The revolutionary movement “Woman Life Freedom” in Iran is only a few days old when a woman sits on a box in the Iranian city of Kerman without a headscarf. In an Instagram video posted by the documentation network 1500tasvir on September 20, 2022, she is seen holding scissors over her head in her right hand and her mane of hair in her left. The crowd looks up at her, clapping and chanting “Death to the dictator!” The woman begins to cut her hair and comes to a halt. Now a young man rushes to her aid. “Honorable, honorable!” the crowd cheers him on; the woman also claps her hands. After the braid is cut off, the woman rhythmically raises her fist in the air to fire up the crowd, the young man doing the same with the scissors in his hand. Immediatly it becomes clear: What has happened here is an act of rebellion, a triumph. The crowd celebrates the cut ponytail with shouts, clapping and fist waving.
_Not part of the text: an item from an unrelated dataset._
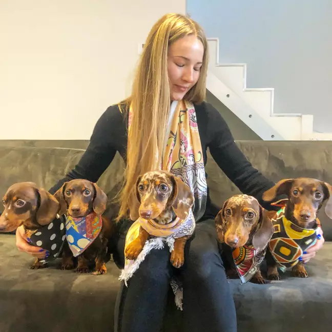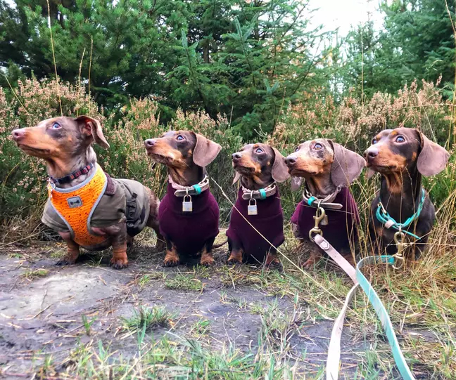 Harriet Birch es la orgullosa dueña de un escuadrón de cinco perros salchichas que con muchos seguidores en Instagram.
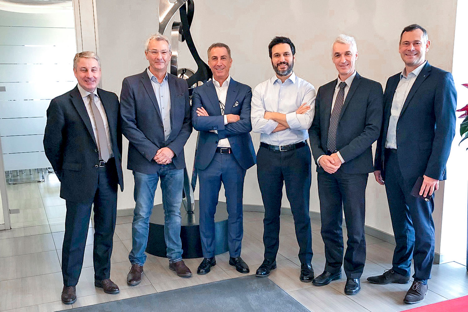 • Subito dopo la firma del contratto nello stabilimento di Grafica Veneta (da sin. a des.): Emanuele Pogliani, Vendite Koenig & Bauer IT; Martin Schoeps, Responsabile della gestione manutenzione Koenig & Bauer Digital & Webfed; Fabio Franceschi, Proprietario e presidente di Grafica Veneta; Giorgio Bertan, Amministratore Grafica Veneta; Peter Andrich, Amministratore Koenig & Bauer IT; Jochen Schwab, Responsabile progetti di assistenza e gestione contratti di Koenig & Bauer Digital & Webfed (1)

They appear united: in solidarity with the woman and the young man who supported her, and in the heat of enthusiasm for their action. A remarkable scene with unusual emotions, one might think, considering that the cutting of hair is a gesture usually performed in cemeteries by people in deep pain, at graves, at funerals. It is mentioned as an act of mourning in the Iranian national epic Shahnameh by the Persian poet Abū ʾl-Qāsim Firdausī and is common in Iran – and not only there – in the mourning ceremonies of the ethnic groups of the Kurds and the Lurs, among others. How is it that a gesture of mourning becomes an act of protest? What does this say about the intentions and values of this movement?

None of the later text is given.